Едкий звук телефонного звонка, исходящий от старенького коричневого домашнего телефона, стоящего в углу комнаты. Я подхожу и беру трубку. Слышу те самые слова. Авария. Папа скончался на месте, мама в коме. Я кладу трубку, внезапно подрываюсь и начинаю носиться по квартире взад-вперёд, рыдая. Не понимая, зачем это делаю, ношусь всё быстрее, врезаюсь в мебель, сталкиваю на пути стулья и сбиваю с полок книги. Потом падаю без сил и засыпаю. Проснувшись на утро, долго не решаюсь встать с места – просто лежу и надеюсь, что мне всё приснилось. Надежда разбивается звонком маминого двоюродного брата, дяди Жени. Еду в больницу. Не успеваю: врач с порога сообщает мне, что мама умерла. Приезжает дядя Женя, не даёт мне на неё посмотреть, говорит, что «без этого мне будет легче». Как в тумане, бреду по городу куда-то в сторону дома. На перекрёстке сталкиваюсь с соседкой по лестничной клетке, бабой Верой. Пока мы стоим у светофора, она пытается выпытать у меня, жива ли мама, где похоронят папу и с кем я теперь буду жить. Я в ужасе убегаю от неё через дорогу на красный свет. Через два дня случаются похороны. На них неизвестные люди с носовыми платками по очереди подходят ко мне и, прижимаясь к моей щеке своей колючей одеждой, причитают о том, «как же я теперь буду». После похорон я узнаю, что дядя Женя готов взять надо мной опеку, чтобы меня не забрали в интернат. После того, как долгое, тягомотное хождение по коридорам и кабинетам для оформления документов заканчивается, мы видимся с ним раз в полгода: он уезжает к своей семье в соседний город, а я остаюсь жить здесь один в квартире.
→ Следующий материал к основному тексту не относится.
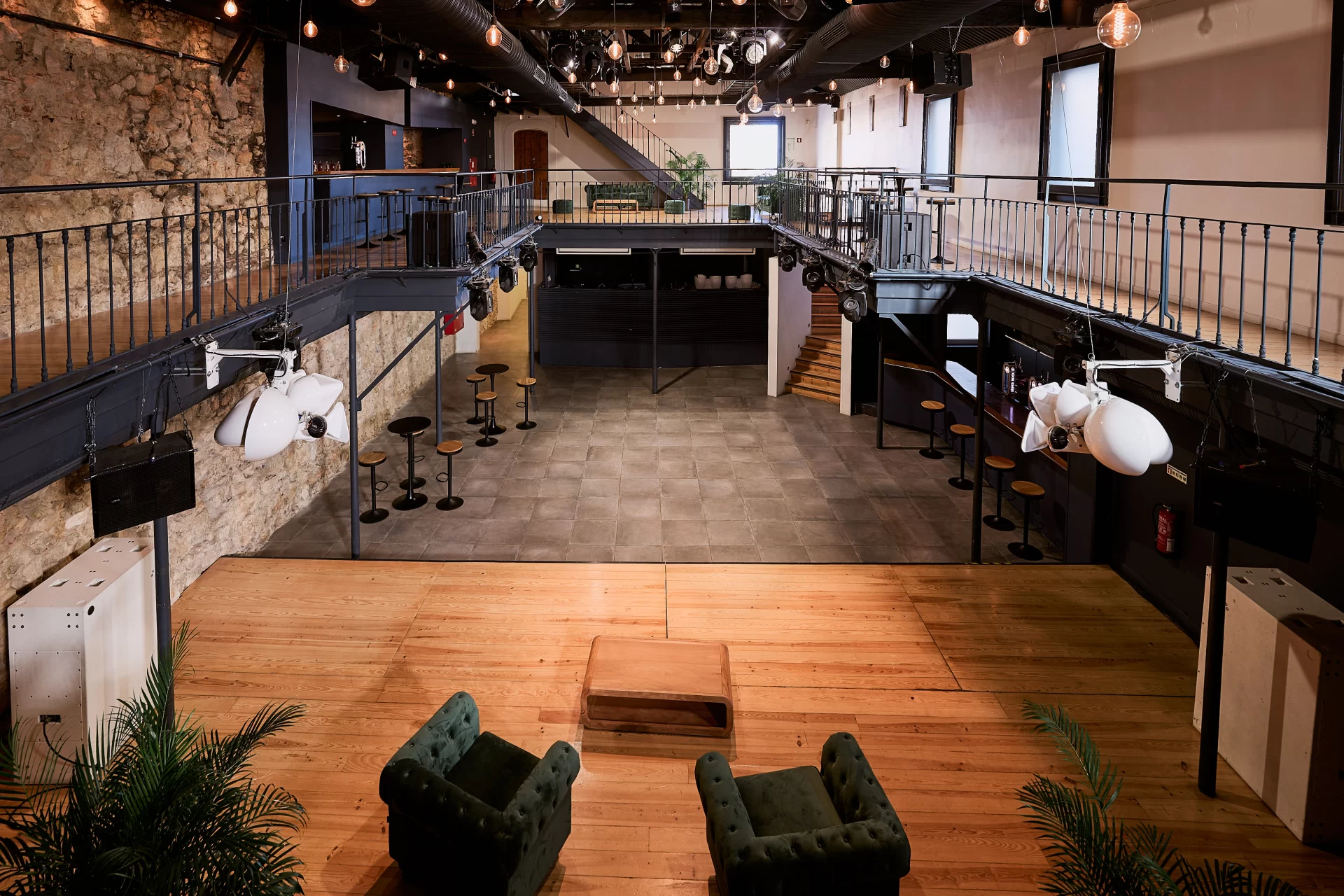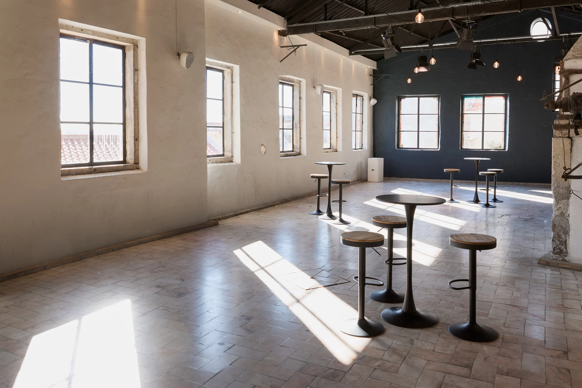Com origem numa antiga fundição de metal, esta sala foi adaptada para receber eventos como workshops, reuniões e exposições, preservando os traços industriais e criando personalidade ao ambiente.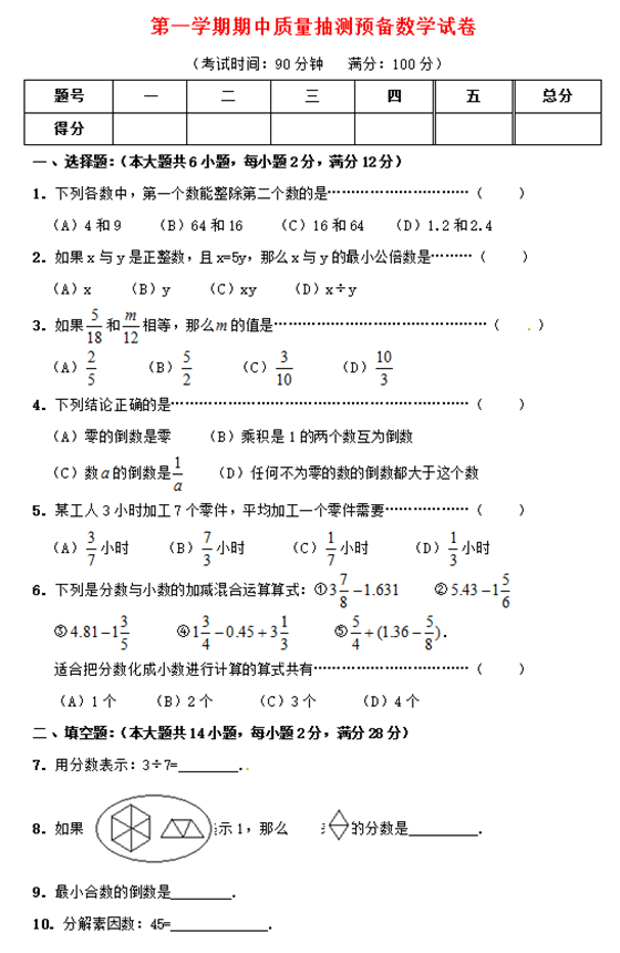 宁波小学六年级上册数学期中试题(三)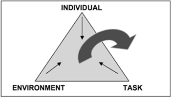 운동(training)은 기본적으로 움직임(movement)과는 다르기 때문에, 운동(training)을 수행하는 과정에서 우리가 맞이하게 되는 환경(environment)은 첫 환경(environment)의 경험이라고 할 수 있습니다. 그러니까 이때 당시에는 동적시스템이론(dynamic system theory)에서 이야기하는 능력(ability)을 수행해내기에, 인체는 그러한 형태로 발달(development)되지 않은 상태입니다. 하지만 운동(training)이 진행될수록 (운동(training)이 비교적 반복적인 환경 상황(environmental situation)에서 진행되는 만큼) 동적시스템(dynamic system)을 구현해내기 위한 능력(ability)이 점차적으로 함유된다는 것입니다. 그러나 이것은 이러한 과정을 거치게 되는 운동(training) 또한 하나의 동작으로만 수행되는 것은 동적시스템(dynamic system)을 구현할 수 없음을 강조합니다. 이것은 동적시스템(dynamic system)을 구현하기 위해서는 반복된 훈련(repeated training) 경험이 수반되어야 하지만, 그러한 과정을 거치게 되는 환경 상황(environmental situation)이 운동(training) 자체적으로 봤을 때 매번 같은 모션(motion)이어서는 안 된다는 것을 의미합니다. 그렇지 않고서는 환경(environment)이 동적으로 학습(learning)되지 않기 때문입니다. 최대한 다양한 모션(motion), 그러니까 다양한 변수들을 지니고 훈련(training)을 수행해야만 동적시스템(dynamic system)이 적절히 구현되기 위한 능력(ability)이 발달(development)되는 것입니다.
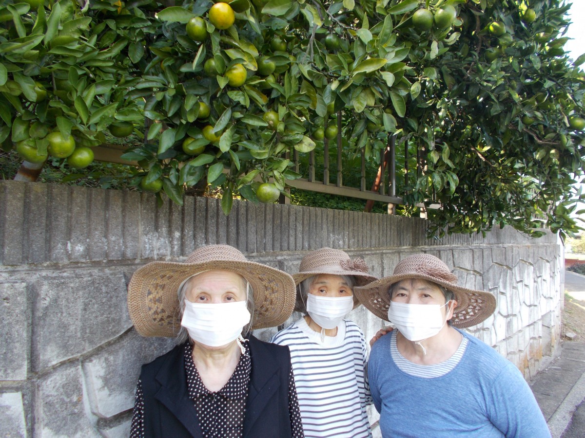すこし遠くまでお散歩する時はマスクをします。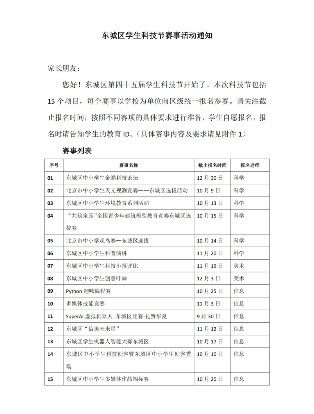 东城区第四十五届学生科技节正式启动啦!本次科技节涵盖15个丰富赛事,以学校为单位统一报名,学生可自愿参与。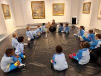 Durante la visita, Paula nos contó un cuento a través del cual nos acercó a la vida de Nicanor Piñole, explicándonos cómo era su familia, dónde aprendió a pintar y los viajes que realizó alrededor del mundo para formarse como artista.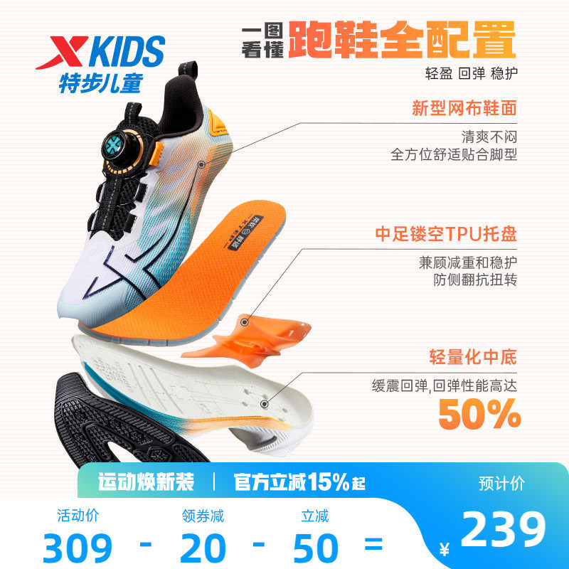 【氘风】特步童鞋男童运动鞋儿童鞋子青少年体考体测训练鞋跑步鞋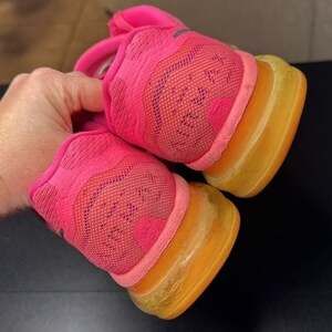 Nike Air Max 2014 Running Shoes, in a vibrant Hyper Pink with peach/cream/mango accents. Women's size 9.5.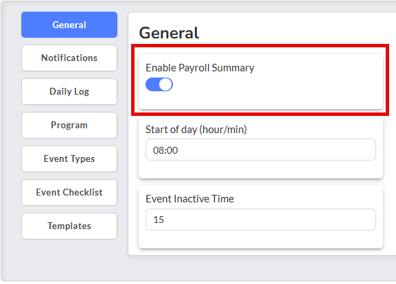 Q: I enabled payroll summary but don't see the tab in event creation. What's wrong? A: After enabling payroll summary in the General setup, you may need to refresh your browser or log out and back in for the changes to take effect. Also verify that you have the appropriate permissions to access payroll summary functionality within events.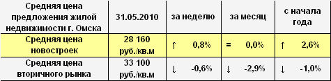 Средняя цена предложения жилой недвижимости Омска на 31.05.2010 г.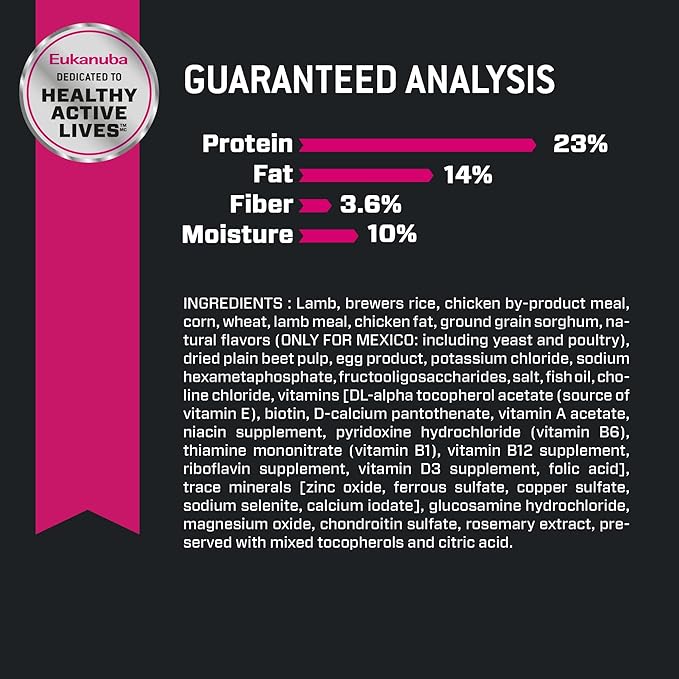 • Eukanuba Adult Lamb 1st Ingredient dry dog food is complete and balanced nutrition for small and medium breed dogs over 12 months old and weighing up to 54 lbs.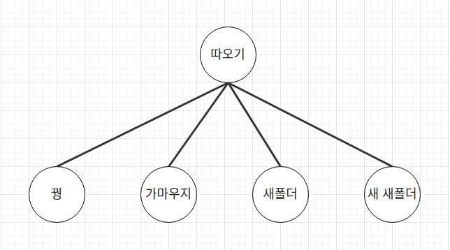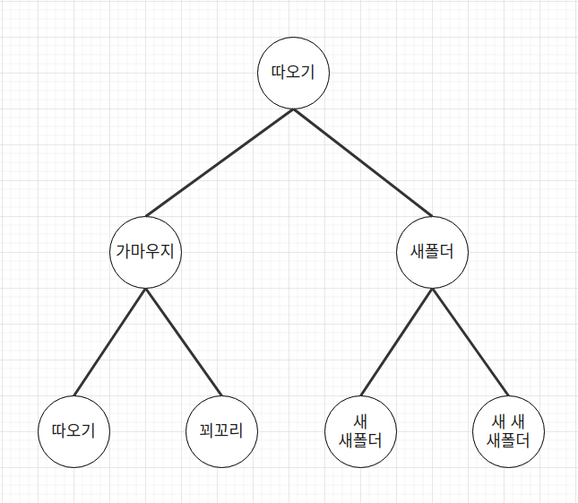 따오기라는 폴더 안에는 꿩, 가마우지, 새폴더, 새 새폴더 라는 이름의 4개의 폴더가 있다. 하나의 부모 아래에 여러개의 자식이 있는 구조. 이게 트리구조 다. 우리가 자료를 찾거나 정리하기 위해 사용하는 자료구조 중에서 트리를 기반으로 한 다양한 구조가 있다.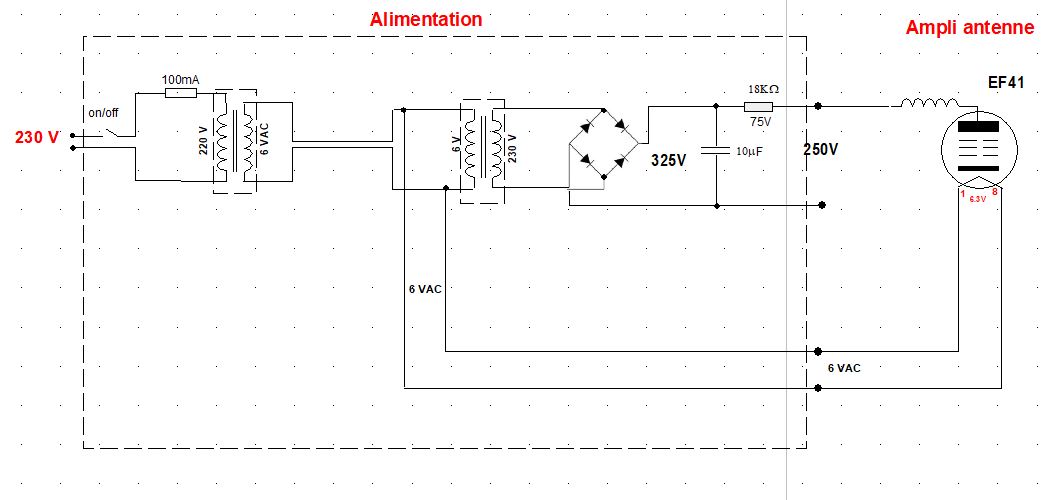 Dans le cas ou l’alimentation de l’antenne se fait par le poste radio directement, le 250V et le chauffage 6.3V sont liés/référencé dans la radio.

Я стал медленно выплывать из воспоминаний в действительность, постепенно начиная замечать всё больше подробностей пространства вокруг себя. Вот противно горит на потолке длинная белая лампа. Вот пестрят разноцветными обложками книги. Вот стоит, побагровевший от ора и возмущения, страшный старик.
Собрав по кусочкам весь магазин, я бросил на пол стикеры и стремительно направился в комнату, где лежали мои вещи. Вмиг переоделся и, с абсолютной уверенностью, что никогда больше сюда не вернусь, направился к выходу. Вслед мне что-то кричала Лера, но это было уже безразлично. Сейчас мне непременно нужно было попасть только в одно место.
Странный оглушающий эффект от испытанного потрясения продлился ещё долго: я почти не заметил, как вышел из торгового центра, свернул на соседнюю улицу и прошёл по ней с десяток кварталов. Меня несло, и я не замечал вокруг себя ни людей, ни машин: будто бы я находился в мыльном пузыре, за стенками которого мир затих и перестал пытаться растревожить меня своей суетой.
Очнулся я лишь у чёрного металлического забора, вдоль которого располагались развалы с живыми и искусственными цветами. Работающие там женщины поёживались от холода и равнодушно смотрели куда-то вдаль.
Я нашёл отверстие в заборе и зашёл на территорию кладбища. Путь до могилы был мне известен до мелочей, как что-то родное: сперва нужно обогнуть церковь, за ней пойти прямо по потрескавшейся асфальтовой дорожке вплоть до первого перекрёстка и там свернуть налево.